Il lavoratore viene ritenuto responsabile per la commissione del reato di appropriazione indebita, ai sensi dell’art. 646 c.p., per aver formattato l’hard disk del pc aziendale ed essersi impossessato dei dati presenti all’interno del computer, prima di presentare le sue dimissioni.

La sentenza

La Cassazione – confermando la statuizione della Corte d’Appello – afferma, preliminarmente, che i dati informatici, per struttura fisica, misurabilità delle dimensioni e trasferibilità, devono essere considerati cose mobili, ai sensi di quanto previsto dal codice penale.

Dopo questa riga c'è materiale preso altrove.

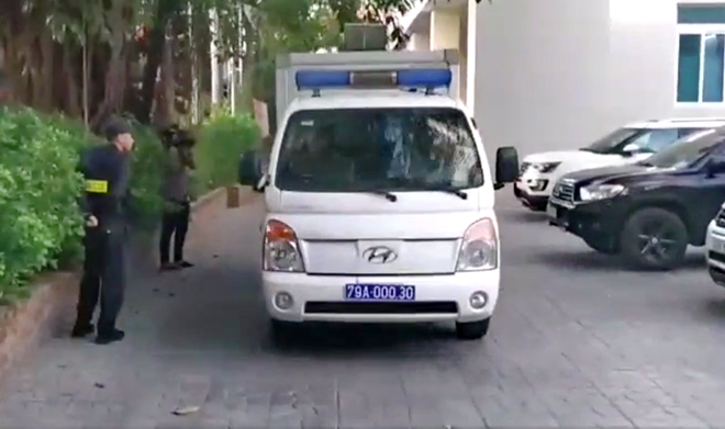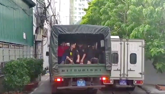 | Xe đặc chủng di lý bị can Nguyễn Chí Uy từ Công ty CP Sông Đà Nha Trang về trại tạm giam |

Secondo i Giudici di legittimità, infatti, i file, pur non potendo essere materialmente recepiti dal punto di vista sensoriale, possiedono una dimensione fisica costituita dalla grandezza dei dati che li compongono, come dimostrano sia l’esistenza di una unità di misurazione della capacità degli stessi di contenere dati che la differente dimensione dei supporti fisici in cui possono essere conservati ed elaborati.

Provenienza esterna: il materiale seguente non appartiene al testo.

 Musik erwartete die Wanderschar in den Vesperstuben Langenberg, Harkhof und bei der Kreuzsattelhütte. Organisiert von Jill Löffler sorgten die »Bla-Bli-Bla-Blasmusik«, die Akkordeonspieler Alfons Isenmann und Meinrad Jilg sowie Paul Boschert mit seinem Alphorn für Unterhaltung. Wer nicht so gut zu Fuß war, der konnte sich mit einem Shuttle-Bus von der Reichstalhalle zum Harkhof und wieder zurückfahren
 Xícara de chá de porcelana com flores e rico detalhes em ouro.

Per la sentenza, inoltre, a fronte dell’indiscusso valore patrimoniale che il dato informatico possiede, la limitazione derivante dal difetto del requisito della “fisicità” della detenzione dello stesso non costituisce un elemento in grado di ostacolare la riconducibilità del file alla categoria della cosa mobile.

Su tali presupposti – ritenendo la condotta ascritta al lavoratore idonea ad integrare la fattispecie di reato di appropriazione indebita – la Suprema Corte rigetta il ricorso dal medesimo presentato e conferma la condanna inflittagli in appello.